How Praise Can Harm, and How To Use it Well.

How Praise Can Harm, and How To Use it Well. When, What, and How to Criticize. Why Bright Children (and Talented Athletes) Stop Working and What To Do About It. How To Communicate The Values That Bring Success.

No parent thinks “I wonder what I can do today to undermine my children, subvert their effort, turn them off learning, and limit their achievement.” Of course not. They think “I would do anything, give anything, to make my children successful.” Yet many of the things they do boomerang. Their helpful judgments, their lessons, their motivating techniques often send the wrong message.
In fact, every word and action sends a message. It tells children – or students or athletes – how to think about themselves. It can be a fixed mindset message that says: “You have permanent traits and I’m judging them.” Or it can be a growth mindset message that says: “You are a developing person and I am interested in your development”...

Messages About Success
Listen for the messages in the following examples:
“You learned that so quickly! You’re so smart!”
“Look at that drawing. Martha, is he the next Picasso or what?”
“You’re so brilliant, you got an A without even studying!”
If you’re like most parents, you hear these as supportive, esteem-boosting messages.
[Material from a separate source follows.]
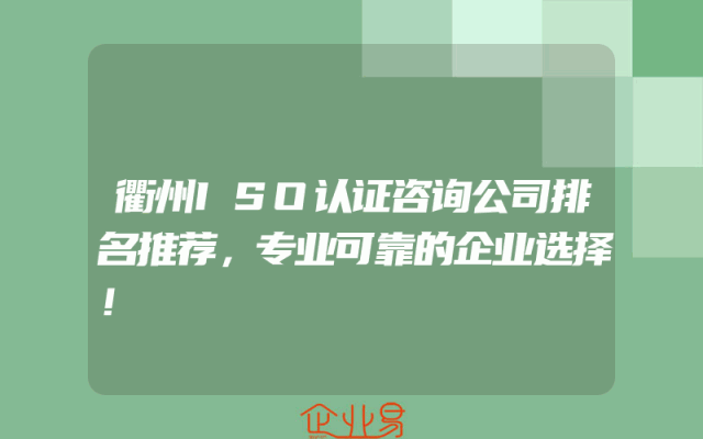 - 衢州ISO认证咨询公司排名推荐,专业可靠的企业选择!

But listen more closely. See if you can hear another message. It’s The ones that children hear:
“If I don’t learn something quickly, I’m not smart.”
“I shouldn’t try drawing anything hard or they’ll see I’m no Picasso.”
“I’d better quit studying or they won’t think I’m brilliant.”

Messages About Failure
Nine-year-old Elizabeth was on her way to her first gymnastics meet. Lanky, flexible, and energetic, she was just right for gymnastics, and she loved it. Of course, she was a little nervous about competing, but she was good at gymnastics and felt confident of doing well. She had even thought about the perfect place in her room to hang the ribbon she would win.
In the first event, the floor exercises, Elizabeth went first. Although she did a nice job, the scoring changed after the first few girls and she lost. Elizabeth also did well in the other events, but not well enough to win. By the end of the evening, she had received no ribbons and was devastated.
What would you do if you were Elizabeth’s parents?
  1. Tell Elizabeth you thought she was the best.
  2. Tell her she was robbed of a ribbon that was rightfully hers.
  3. Reassure her that gymnastics is not that important
  4. Tell her she has the ability and will surely win next time.
  5. Tell her she didn’t deserve to win.
There is a strong message in our society about how to boost children’s self-esteem, and a main part of that message is: Protect them from failure! While this may help with the immediate problem of a child’s disappointment, it can be harmful in the long run. Why?
Let’s look at the five possible reactions from a mindset point of view [and listen to the messages:]
The first (you thought she was the best) is basically insincere. She was not the best – you know it, and she does too. This offers her no recipe for how to recover or how to improve.
The second (she was robbed) places blame on others, when in fact the problem was mostly with her performance, not the judges. Do you want her to grow up blaming others for her deficiencies?
The third (reassure her that gymnastics doesn’t really matter) teaches her to devalue something if she doesn’t do well in it right away. Is this really the message you want to send?
The fourth (she has the ability) may be the most dangerous message of all. Does ability automatically take you where you want to go? If Elizabeth didn’t win this meet, why should she win the next one?
The last option (tell her she didn’t deserve to win) seems hardhearted under the circumstances. And of course you wouldn’t say it quite that way. But that’s pretty much what her growth-minded father told her. Chapter 7 tells you what he told her and what happened.
You can use messages to help your children cultivate a growth mindset.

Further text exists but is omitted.